The present application relates to semiconductor technology and more particularly to a method and structure to enable tensily strained silicon nanowires within an nFET device region, and compressively stained silicon germanium alloy (SiGe) nanowires in a pFET device region.
For more than three decades, the continued miniaturization of metal oxide semiconductor field effect transistors (MOSFETs) has driven the worldwide semiconductor industry. Various showstoppers to continue scaling have been predicated for decades, but a history of innovation has sustained Moore's Law in spite of many challenges. However, there are growing signs today that MOSFETs are beginning to reach their traditional scaling limits.

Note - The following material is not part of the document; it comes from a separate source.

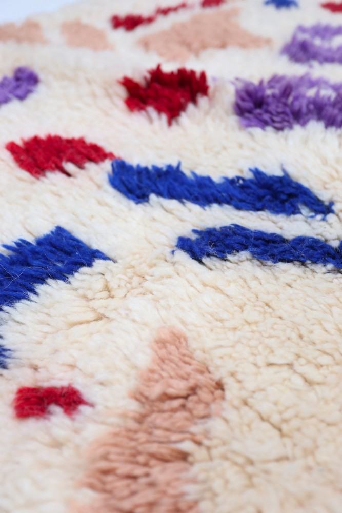This Berber carpet called Azilal gets its name from the Azilal region in Morocco where it was handcrafted on a traditional wooden loom. Its patterns represent the weaver’s moods, loves, and sorrows at the time of creation. Once this colorful Berber carpet is created, she will make another one entirely different, based on her current emotions. Each piece is therefore unique.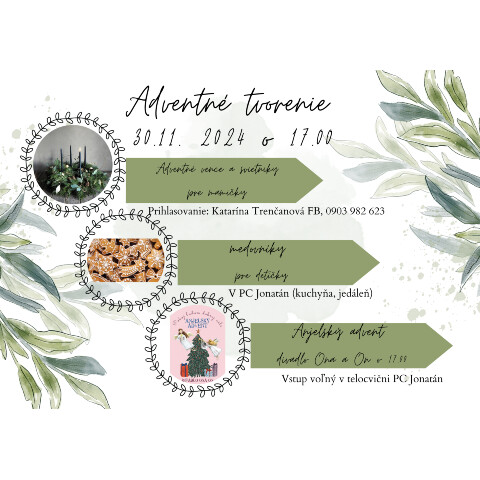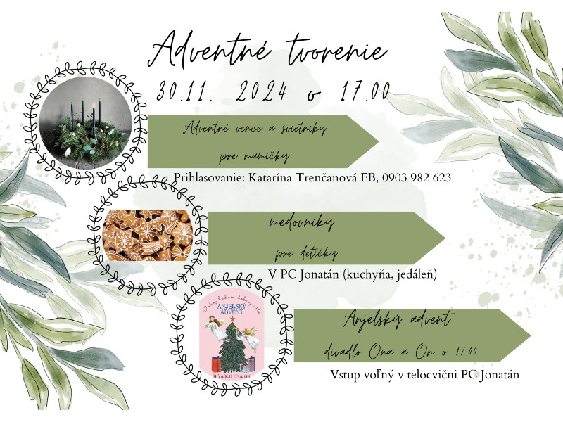 V sobotu 30.11. 2024 pozývame rodiny na adventné tvorenie do Pastoračného centra Jonatán. Mamičky sa môžu prihlásiť na tvorenie adventných vencov a svietnikov.

Since it has become increasingly difficult to improve MOSFETs and therefore complementary metal oxide semiconductor (CMOS) performance through continued scaling, further methods for improving performance in addition to scaling have become critical.
The use of non-planar semiconductor devices such as, for example, semiconductor nanowire field effect transistors (FETs) is the next step in the evolution of complementary metal oxide semiconductor (CMOS) devices. Semiconductor nanowire FETs can achieve higher drive currents with increasingly smaller dimensions as compared to conventional planar FETs.
For semiconductor nanowire device performance increase, a strained channel material is needed. For CMOS devices, tensile strained silicon nanowires are beneficial for nFET devices, but not for pFET devices. In current nanowire technology, all the nanowire structures consists of unstrained semiconductor materials or only one strained semiconductor material, either nFET or pFET. A need thus exist for providing stained CMOS nanowires with both strained nFET nanowires and strained pFET nanowires on a same substrate.